If your project suffers from query bottlenecks created by recurring field calculations and you have ruled out worse negative side effects from the list above, django-computedfields certainly can help to speed up some parts of your Django project.

Specific Usage Hints

  • Try to avoid deep nested dependencies in general. The way django-computedfields works internally will create rather big JOIN tables for many long relations. If you hit that ground, either try to resort to bulk actions with manually using update_dependent or rework your scheme by introducing additional denormalization models or interim computed fields higher up in the dependency chain.
  • Try to avoid multiple 1:n relations in a dependency chain like ['fk_back_a.fk_back_b...', [...]] or ['m2m_a.m2m_b...', [...]], as the query penalty might explode. Although the auto resolver tries to touch affected computed fields only once, it does not help much, if multiple method invocations have to touch 80% of all database entries to get the drilldown done.
  • Try to apply select_related and prefetch_related optimizations for complicated dependencies. While this can reduce the query load by far, it also increases memory usage alot, thus it needs proper testing to find the sweep spot.
  • Try to reduce the “update pressure” by grouping update paths by dimensions like update frequency or update penalty (isolate the slowpokes). Mix in fast turning entities late.
  • Avoid recursive models. The graph optimization relies on cycle-free model-field path linearization during model construction time, which cannot account record level by design. It is still possible to use django-computedfields with recursive models (as needed for tree like structures) by setting COMPUTEDFIELDS_ALLOW_RECURSION to True in settings.py. Note that this currently disables all graph optimizations project-wide for computed fields updates and roughly doubles the update query needs. (A future version might allow to explicit mark intended recursions while other update paths still get optimized.)

Fixtures

django-computedfields skips intermodel computed fields updates during fixtures. Run the management command updatedata after applying fixtures to resynchronize their values.

Migrations

On migration level computed fields are handled as other ordinary concrete fields defined on a model, thus you can apply any migration to them as with other concrete fields.

Still for computed fields you should not rely on data migrations by default and instead resynchronize their values manually (or by a custom migration rule). If you have made changes to a field, that a computed field depends on, or a computed field itself, either resynchronize the values by calling update_dependent with a full queryset of the changed model and the changed fields (partial update), or do a full resync with the management command updatedata.

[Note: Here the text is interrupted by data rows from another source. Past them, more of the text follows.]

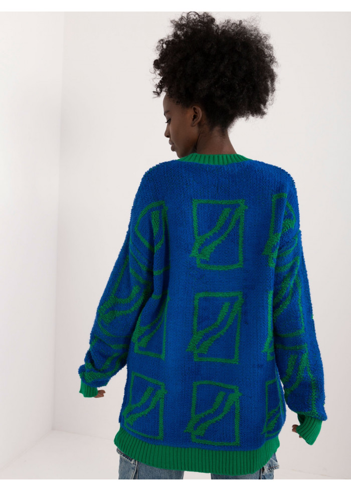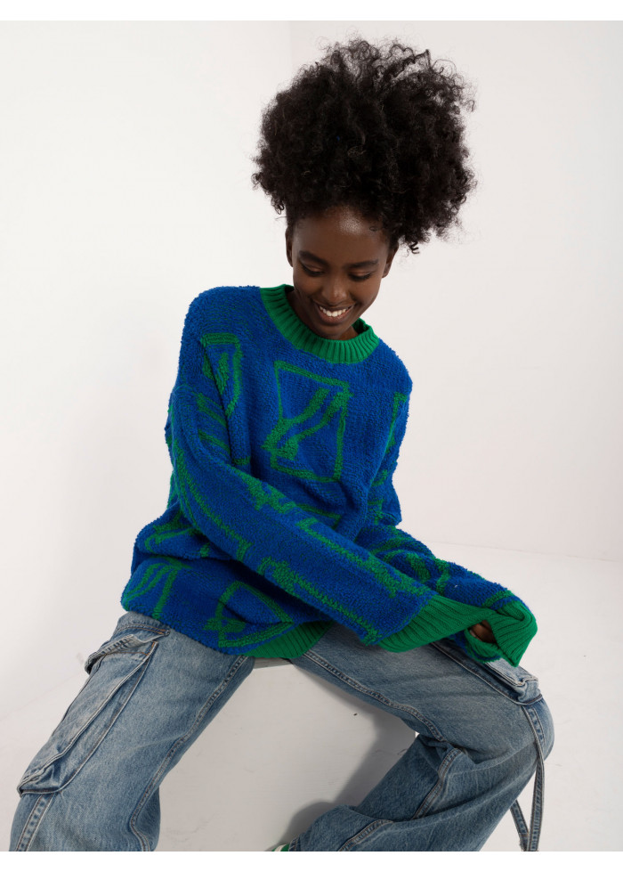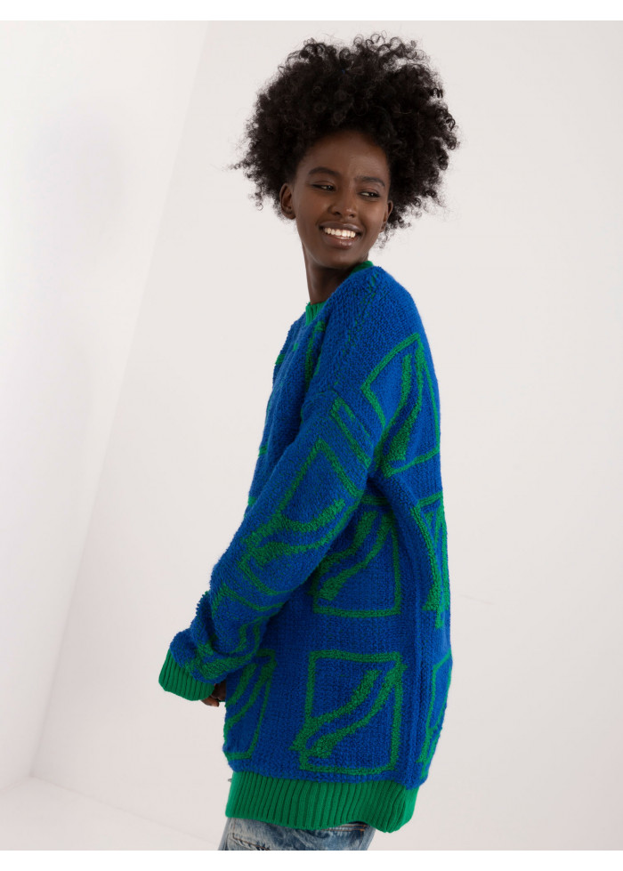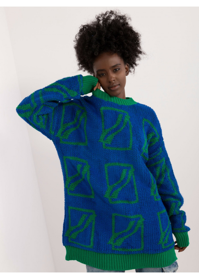Dámsky oversize sveter, zaujímavý vzor, okrúhly výstrih, voľný predlžený strih, kontrastné lemovanie, modelka má na sebe univerzálnu veľkosť, miery modelky: výška: 168 cm, prsia: 82 cm, pás: 62 cm, boky: 93 cm, rozmer produktu meraného na plocho:, šírka svetra pod pazuchami - 58 cm, dĺžka svetra - 82 cm, dĺžka rukáva - 71 cm.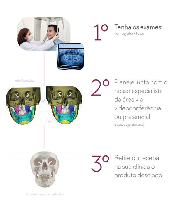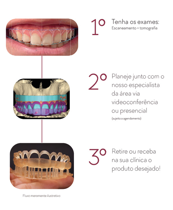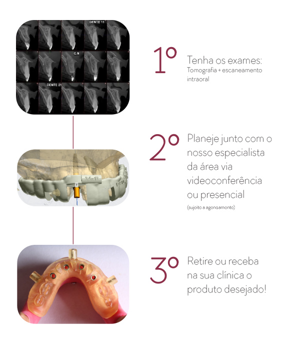 Trata- se de um planejamento reverso onde o dentista e o especialista Mesh realizam o planejamento cirúrgico digital em conjunto para no final obter a guia cirúrgica impressa 3D que será utilizada no momento da cirurgia de implantes!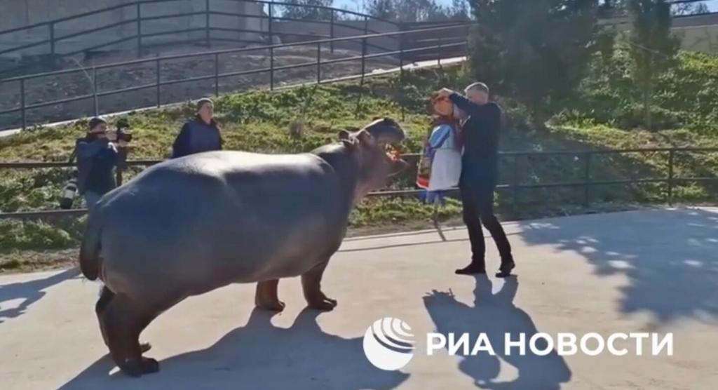 Бегемот в Крыму съел чучело Зимы на празднике Масленицы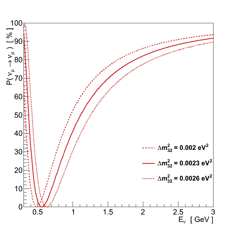 The values of the oscillation parameters then, are determined by measuring the Eν spectrum for a given flavour before and after traversing the baseline. Any deficits/excesses found are the result of oscillations and the energy, size and shape of those changes can be used to measure the oscillation parameters. We can see this by considering the example of an initially pure νμ beam, measured after traversing a baseline of 295 km - approximately equivalent to the T2K experiment (Chapter 5) 4.

The latter should be preferred, if you have several changes or changes that affect relations on dependency graph.

Motivation

django-computedfields is inspired by odoo’s computed fields and the lack of a similar feature in Django’s ORM.

Changelog

  • 0.0.22:
    • Automatic dependency expansion on reverse relations.
    • Example documentation.
  • 0.0.21:
    • Bugfix: Fixing undefined _batchsize for pickled map usage.
  • 0.0.20
    • Use bulk_update for computed field updates.
    • Allow custom update optimizations with select_related and prefetch_related.
    • Respect computed field MRO in compute.
    • Allow updates on local computed fields from update_dependent simplifying bulk actions on ComputedFieldsModel.
  • 0.0.19
    • Better graph expansion on relation paths with support for update_fields.
  • 0.0.18
    • New depends syntax deprecating the old one.
    • MRO of local computed field methods implemented.
  • 0.0.17
    • Dropped Python 2.7 and Django 1.11 support.